President Donald Trump’s lawyers issued a legal threat to his longterm accounting firm in a letter warning them not to comply with the Congressional subpoena for his financial records, Politico reports.
Trump lawyers William S. Consovoy and Stefan Passantino warned the firm Mazars USA not to comply with a subpoena issued by House Oversight Committee Chairman Elijah Cummings, who is seeking 10 years of Trump’s financial records related to his business, revocable trust, and other subsidiaries.
“It is no secret that the Democrat Party has decided to use its new House majority to launch a flood of investigations into the president’s personal affairs in hopes of using anything they can find to damage him politically,” the attorneys wrote in a letter to Mazars’ outside counsel Jerry Bernstein before the subpoena for formally served to the firm.
The lawyers issued an implied legal threat, warning the firm that it is “on notice.”
“The House Oversight Committee is not a miniature Department of Justice, charged with investigating and prosecuting potential federal crimes. It is a legislative body, not ‘a law enforcement or trial agency,’ and the chairman’s attempt to assume for Congress the role of police, prosecutor, and judge is unconstitutional,” they wrote.

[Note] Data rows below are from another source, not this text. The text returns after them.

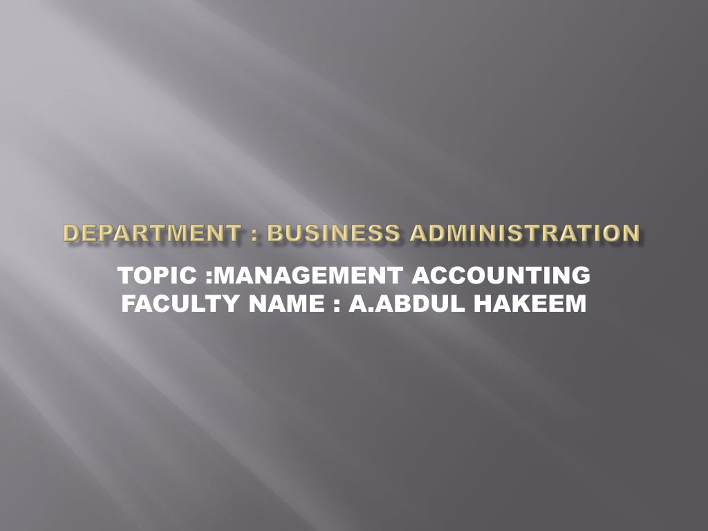 TOPIC :MANAGEMENT ACCOUNTING FACULTY NAME : A.ABDUL HAKEEM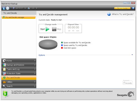 If you use Windows Vista, please, be aware that in the Try&Decide mode the program may use the free space in the BlackArmor Backup Secure Zone quite intensively, even when your computer is idle. This is due to Windows Vista's housekeeping activities such as indexing that run in the background.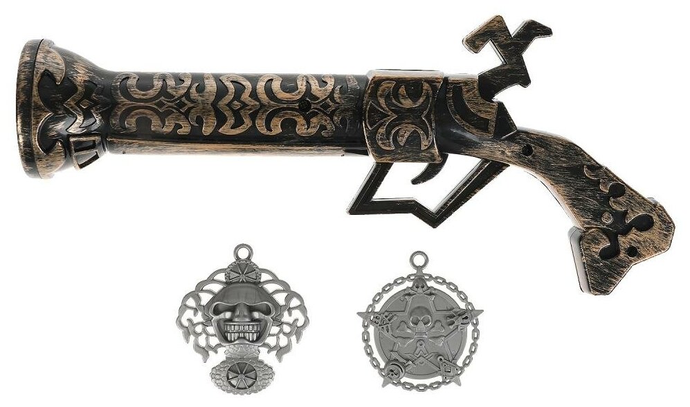 С этим игровым оружием ваш ребёнок будет придумывать увлекательные приключения, искать сокровища и бороздить морские просторы. С таким оружием маленький пират станет самым метким стрелком. Набор подойдёт для активных игр на воздухе и в помещении.

Mazars asked for the subpoena:
Cummings said Monday that he is issuing a “friendly subpoena” to Mazars because the firm requested to receive a subpoena before providing the records, CNN reported.
The move drew a complaint from tireless Trump defender Jim Jordan, an Ohio Republican who serves as the committee’s ranking member.
"Chairman Cummings's announcement of a subpoena to a private company to pry into the President's personal finances is an astonishing abuse of this Committee's authority and a disgraceful departure from the fair and legitimate oversight he promised,” he said in a statement.
Cummings responded by noting that the records are “are key to the committee’s ongoing investigations of matters squarely within our jurisdiction,” including whether Trump failed to disclose conflicts of interest before becoming president.
“[Jordan] is embarking on an unprecedented path of partisanship that all members of the House of Representatives should find concerning because it could have a detrimental impact on Congress’ ability to exercise its core constitutional oversight responsibilities for years to come,” Cummings wrote.
House Dems also subpoenaed Trump’s bank:
The House Intelligence and Financial Services Committees subpoenaed Deutsche Bank and several other Trump lenders Monday for information about his finances, The New York Times reported.
Deutsche Bank has loaned Trump more than $2 billion even as other major financial firms refused to do business with him after a string of bankruptcies.
The House Ways and Means Committee has also requested Trump's tax returns from the IRS, which is required by law to provide them.